* **TASK ITEM**
Quote the listing below in its entirety, omitting every image.

* **INPUT DATA**
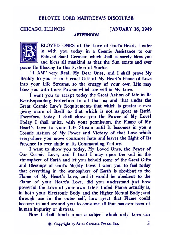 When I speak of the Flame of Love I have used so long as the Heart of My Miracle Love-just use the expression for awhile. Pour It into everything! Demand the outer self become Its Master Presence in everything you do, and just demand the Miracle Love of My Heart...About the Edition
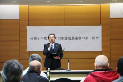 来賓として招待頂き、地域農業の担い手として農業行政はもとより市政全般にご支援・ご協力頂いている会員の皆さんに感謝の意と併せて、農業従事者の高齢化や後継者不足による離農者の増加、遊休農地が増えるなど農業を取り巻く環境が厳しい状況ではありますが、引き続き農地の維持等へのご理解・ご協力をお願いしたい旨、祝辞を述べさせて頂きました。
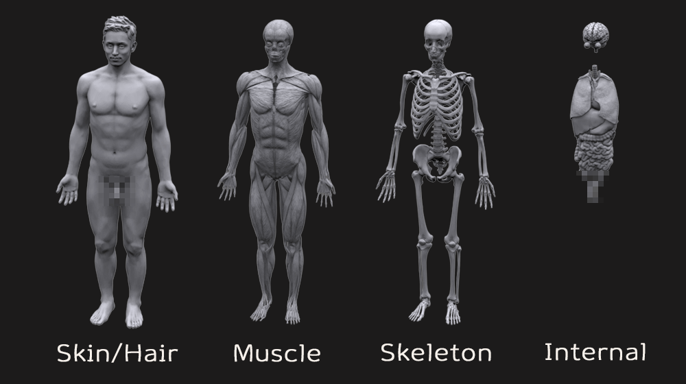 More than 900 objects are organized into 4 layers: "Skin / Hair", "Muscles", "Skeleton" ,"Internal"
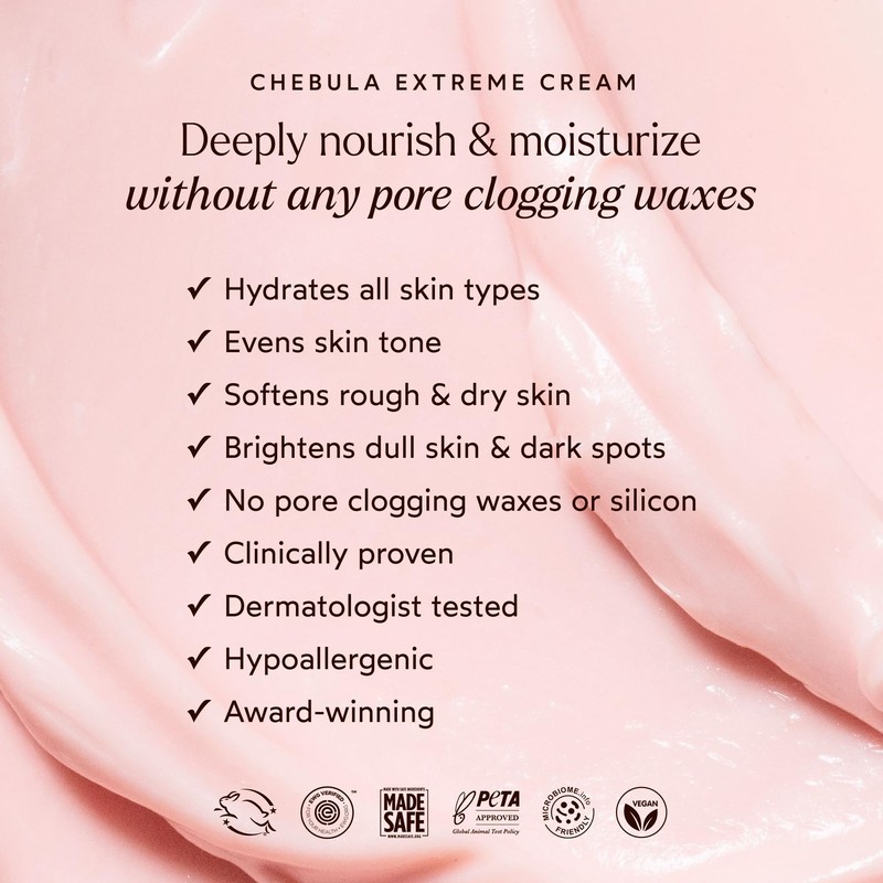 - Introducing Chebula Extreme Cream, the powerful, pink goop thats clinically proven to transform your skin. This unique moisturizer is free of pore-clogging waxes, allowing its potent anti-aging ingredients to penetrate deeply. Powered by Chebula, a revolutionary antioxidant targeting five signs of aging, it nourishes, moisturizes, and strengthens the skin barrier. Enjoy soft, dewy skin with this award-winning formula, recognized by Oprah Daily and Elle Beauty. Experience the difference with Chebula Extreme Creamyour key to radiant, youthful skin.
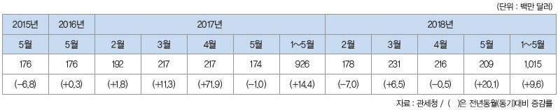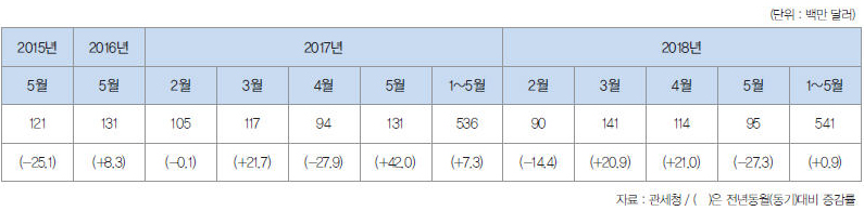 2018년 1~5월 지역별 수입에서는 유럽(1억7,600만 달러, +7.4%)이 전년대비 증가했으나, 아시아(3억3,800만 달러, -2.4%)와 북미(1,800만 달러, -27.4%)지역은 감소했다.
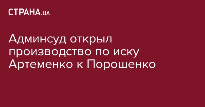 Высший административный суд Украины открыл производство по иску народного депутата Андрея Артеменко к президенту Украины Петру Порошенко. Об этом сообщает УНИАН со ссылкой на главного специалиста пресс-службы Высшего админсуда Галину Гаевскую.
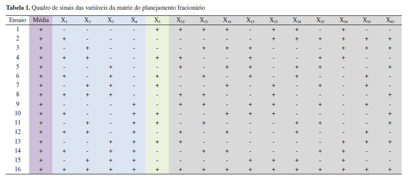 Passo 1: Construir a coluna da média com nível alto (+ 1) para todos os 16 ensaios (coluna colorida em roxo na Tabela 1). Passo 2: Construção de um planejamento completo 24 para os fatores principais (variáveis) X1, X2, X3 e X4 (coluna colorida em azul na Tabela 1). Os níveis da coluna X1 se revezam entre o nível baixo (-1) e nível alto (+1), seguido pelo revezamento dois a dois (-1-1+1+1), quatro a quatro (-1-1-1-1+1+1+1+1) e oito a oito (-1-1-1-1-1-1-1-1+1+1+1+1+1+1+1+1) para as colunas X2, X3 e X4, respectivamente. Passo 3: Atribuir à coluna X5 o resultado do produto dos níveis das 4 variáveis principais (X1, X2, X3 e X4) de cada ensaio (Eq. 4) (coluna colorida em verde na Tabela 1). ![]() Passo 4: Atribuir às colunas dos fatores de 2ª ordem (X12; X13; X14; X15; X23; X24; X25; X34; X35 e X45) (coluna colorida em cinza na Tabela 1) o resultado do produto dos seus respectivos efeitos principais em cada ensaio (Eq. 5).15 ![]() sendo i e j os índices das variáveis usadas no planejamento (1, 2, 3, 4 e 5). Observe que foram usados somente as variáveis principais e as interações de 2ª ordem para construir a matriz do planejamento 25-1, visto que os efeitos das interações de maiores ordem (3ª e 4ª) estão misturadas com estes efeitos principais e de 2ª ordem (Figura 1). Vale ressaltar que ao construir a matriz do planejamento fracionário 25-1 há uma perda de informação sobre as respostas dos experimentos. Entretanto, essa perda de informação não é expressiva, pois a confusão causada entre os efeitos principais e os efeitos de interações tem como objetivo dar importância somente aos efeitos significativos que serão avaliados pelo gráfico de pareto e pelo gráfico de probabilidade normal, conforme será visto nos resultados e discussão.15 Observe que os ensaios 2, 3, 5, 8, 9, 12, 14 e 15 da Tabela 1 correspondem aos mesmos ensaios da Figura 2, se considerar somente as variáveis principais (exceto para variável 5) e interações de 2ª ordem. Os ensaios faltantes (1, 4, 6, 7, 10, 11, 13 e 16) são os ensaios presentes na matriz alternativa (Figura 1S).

* **REPLY TO THE EXERCISE**
 When I speak of the Flame of Love I have used so long as the Heart of My Miracle Love-just use the expression for awhile. Pour It into everything! Demand the outer self become Its Master Presence in everything you do, and just demand the Miracle Love of My Heart...About the Edition
 来賓として招待頂き、地域農業の担い手として農業行政はもとより市政全般にご支援・ご協力頂いている会員の皆さんに感謝の意と併せて、農業従事者の高齢化や後継者不足による離農者の増加、遊休農地が増えるなど農業を取り巻く環境が厳しい状況ではありますが、引き続き農地の維持等へのご理解・ご協力をお願いしたい旨、祝辞を述べさせて頂きました。
 More than 900 objects are organized into 4 layers: "Skin / Hair", "Muscles", "Skeleton" ,"Internal"
 - Introducing Chebula Extreme Cream, the powerful, pink goop thats clinically proven to transform your skin. This unique moisturizer is free of pore-clogging waxes, allowing its potent anti-aging ingredients to penetrate deeply. Powered by Chebula, a revolutionary antioxidant targeting five signs of aging, it nourishes, moisturizes, and strengthens the skin barrier. Enjoy soft, dewy skin with this award-winning formula, recognized by Oprah Daily and Elle Beauty. Experience the difference with Chebula Extreme Creamyour key to radiant, youthful skin.
 2018년 1~5월 지역별 수입에서는 유럽(1억7,600만 달러, +7.4%)이 전년대비 증가했으나, 아시아(3억3,800만 달러, -2.4%)와 북미(1,800만 달러, -27.4%)지역은 감소했다.
 Высший административный суд Украины открыл производство по иску народного депутата Андрея Артеменко к президенту Украины Петру Порошенко. Об этом сообщает УНИАН со ссылкой на главного специалиста пресс-службы Высшего админсуда Галину Гаевскую.
 Passo 1: Construir a coluna da média com nível alto (+ 1) para todos os 16 ensaios (coluna colorida em roxo na Tabela 1). Passo 2: Construção de um planejamento completo 24 para os fatores principais (variáveis) X1, X2, X3 e X4 (coluna colorida em azul na Tabela 1). Os níveis da coluna X1 se revezam entre o nível baixo (-1) e nível alto (+1), seguido pelo revezamento dois a dois (-1-1+1+1), quatro a quatro (-1-1-1-1+1+1+1+1) e oito a oito (-1-1-1-1-1-1-1-1+1+1+1+1+1+1+1+1) para as colunas X2, X3 e X4, respectivamente. Passo 3: Atribuir à coluna X5 o resultado do produto dos níveis das 4 variáveis principais (X1, X2, X3 e X4) de cada ensaio (Eq. 4) (coluna colorida em verde na Tabela 1). ![]() Passo 4: Atribuir às colunas dos fatores de 2ª ordem (X12; X13; X14; X15; X23; X24; X25; X34; X35 e X45) (coluna colorida em cinza na Tabela 1) o resultado do produto dos seus respectivos efeitos principais em cada ensaio (Eq. 5).15 ![]() sendo i e j os índices das variáveis usadas no planejamento (1, 2, 3, 4 e 5). Observe que foram usados somente as variáveis principais e as interações de 2ª ordem para construir a matriz do planejamento 25-1, visto que os efeitos das interações de maiores ordem (3ª e 4ª) estão misturadas com estes efeitos principais e de 2ª ordem (Figura 1). Vale ressaltar que ao construir a matriz do planejamento fracionário 25-1 há uma perda de informação sobre as respostas dos experimentos. Entretanto, essa perda de informação não é expressiva, pois a confusão causada entre os efeitos principais e os efeitos de interações tem como objetivo dar importância somente aos efeitos significativos que serão avaliados pelo gráfico de pareto e pelo gráfico de probabilidade normal, conforme será visto nos resultados e discussão.15 Observe que os ensaios 2, 3, 5, 8, 9, 12, 14 e 15 da Tabela 1 correspondem aos mesmos ensaios da Figura 2, se considerar somente as variáveis principais (exceto para variável 5) e interações de 2ª ordem. Os ensaios faltantes (1, 4, 6, 7, 10, 11, 13 e 16) são os ensaios presentes na matriz alternativa (Figura 1S).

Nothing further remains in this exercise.